Several researchers have brought to light evidence that gifted learners are particularly prone to existential angst (C. L. Bailey; Bratter, 2007; Eckersley et al., 2007; Ellsworth, 1999; Fitzgerald, 2005; Hacker, 1994; Lindfors et al., 2012). An overview of research that links gifted learners with a heightened tendency to experiencing fear and existential dread is provided by Lamont (2012) – along with practical ideas for parents to address the existential fears of their children. I first became aware of a possible link between gifted learners and existential angst through reading a small paper which claimed that “existential dread poses a threat to
adolescents’ self-esteem, productivity, and life itself”, which concluded that adults can, through a team approach, “reduce the amount of time youth languish in the throes of existential dread and lessen the threat of depression and suicide” (Ellsworth, 1999, p. 408).

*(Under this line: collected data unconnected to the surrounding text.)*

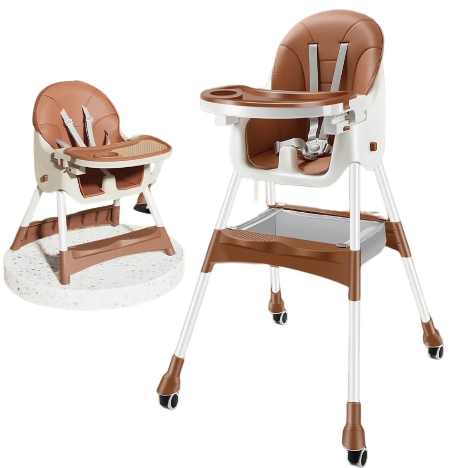 Scaun de masă 2 in 1 multifuncțional pentru bebeluși, Maro
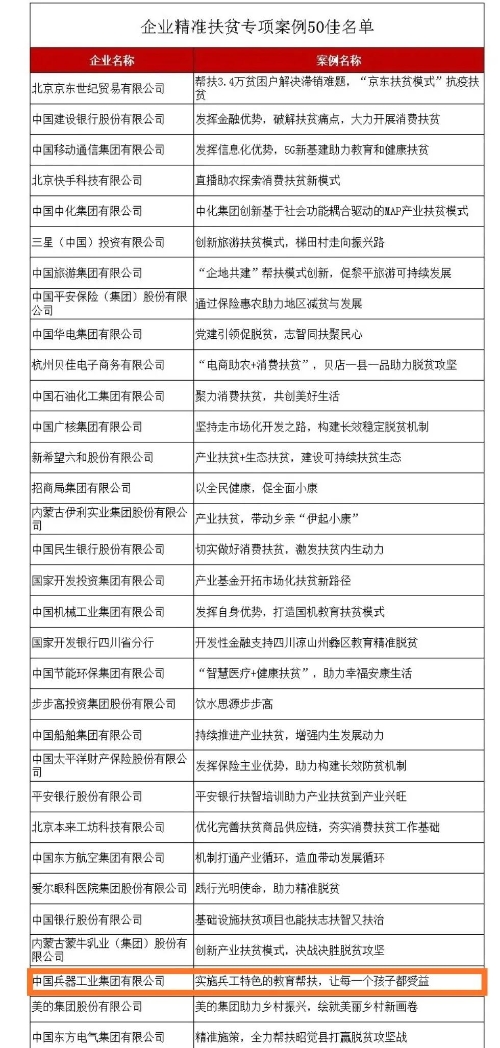 兵器工業(yè)集團(tuán)教育扶貧獲評國務(wù)院扶貧辦2020年企業(yè)精準(zhǔn)扶貧專項(xiàng)案例“50佳” |
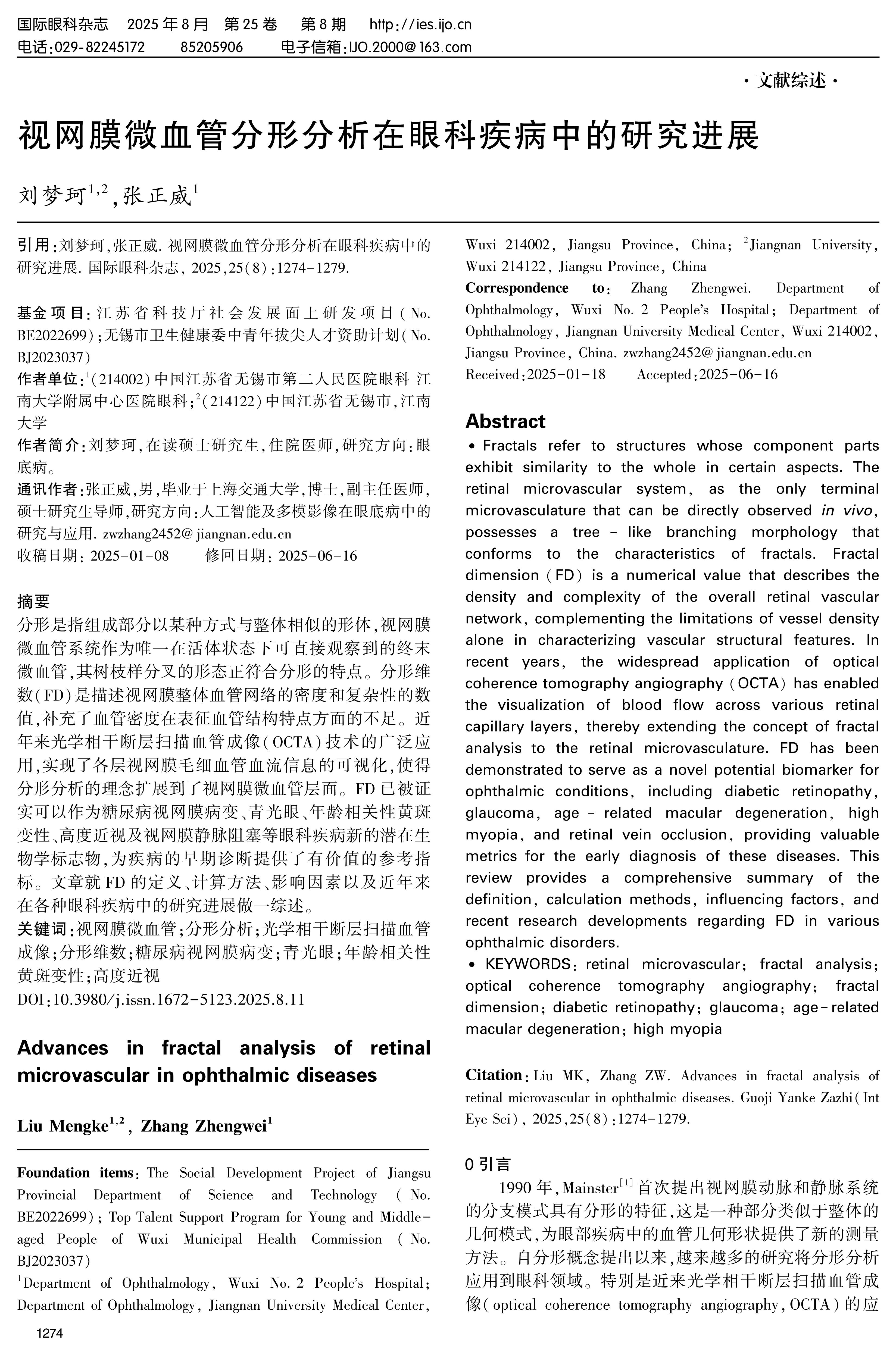 分形是指组成部分以某种方式与整体相似的形体,视网膜微血管系统作为唯一在活体状态下可直接观察到的终末微血管,其树枝样分叉的形态正符合分形的特点。分形维数(FD)是描述视网膜整体血管网络的密度和复杂性的数值,补充了血管密度在表征血管结构特点方面的不足。近年来光学相干断层扫描血管成像(OCTA)技术的广泛应用,实现了各层视网膜毛细血管血流信息的可视化,使得分形分析的理念扩展到了视网膜微血管层面。FD已被证实可以作为糖尿病视网膜病变、青光眼、年龄相关性黄斑变性、高度近视及视网膜静脉阻塞等眼科疾病新的潜在生物学标志物,为疾病的早期诊断提供了有价值的参考指标。文章就FD的定义、计算方法、影响因素以及近年来在各种眼科疾病中的研究进展做一综述。
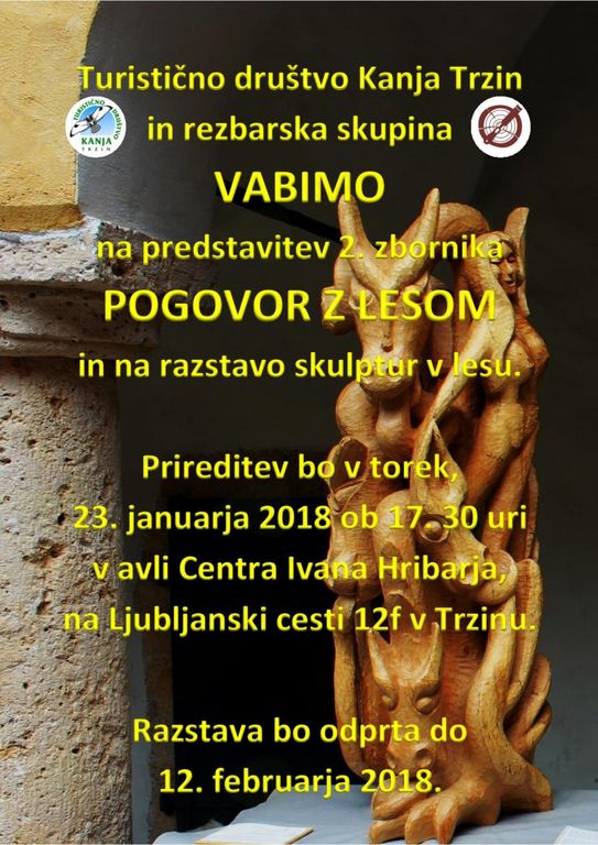 TD Kanja in rezbarska skupina vabita na predstavitev 2. zbornika POGOVOR Z LESOM in na razstavo skulptur v lesu. Prireditev bo v torek, 23.01.2018, ob 17.30 uri, v avli Centra Ivana Hribarja. Razstava bo na ogled do 12.02.2018!

Research on young people in China suggests illicit drugs are used to relieve the anxiety that arises from these “existential issues at this life stage” and “searching for the meaning of life” (To, Sek-yum Ngai, Ngai, & Cheung, 2007, p. 327). The idea of a quest for meaning brings the threshold concept of hope into focus.
2.4.2 Hope
With regard to hope, Australian research has highlighted the important role of hope in determining the trajectories of young people’s lives (Bishop & Willis, 2014; Eckersley et al., 2007; te Riele, 2010). Its counterpoint, hopelessness, is discussed in terms of young people’s existential attitudes, for example in research by Brassai (2012) – within the context of behaviour regarding health. Sometimes, the sense of hopelessness that young people with psychosis experience regarding their future can be shared by the mental health professionals who care for them (T. Lincoln & Beck, 2014) – a disempowering feeling which can be averted through specialised early intervention programs that offer individuals with psychotic disorders as well as their families “new hope for improving illness trajectories” (Cotton et al., 2016).
As a field of endeavour, youth research is “well positioned to play a lead role in exploring the links between people’s hopes and fears, their concerns of everyday life and the big picture questions about the future” hopefully creating “new spaces for dialogue between generations” (Wierenga, 2011), and importantly, I would add, between disciplines.
In school contexts, Larsen’s (2007) research on narrative counselling with adolescents revealed that hope was “ an implicit aspect” of the adolescent self, an unexpected finding for the author, who then posited the idea of an adolescent “hoping self” that is “pervasive” during adolescent development (p. 255).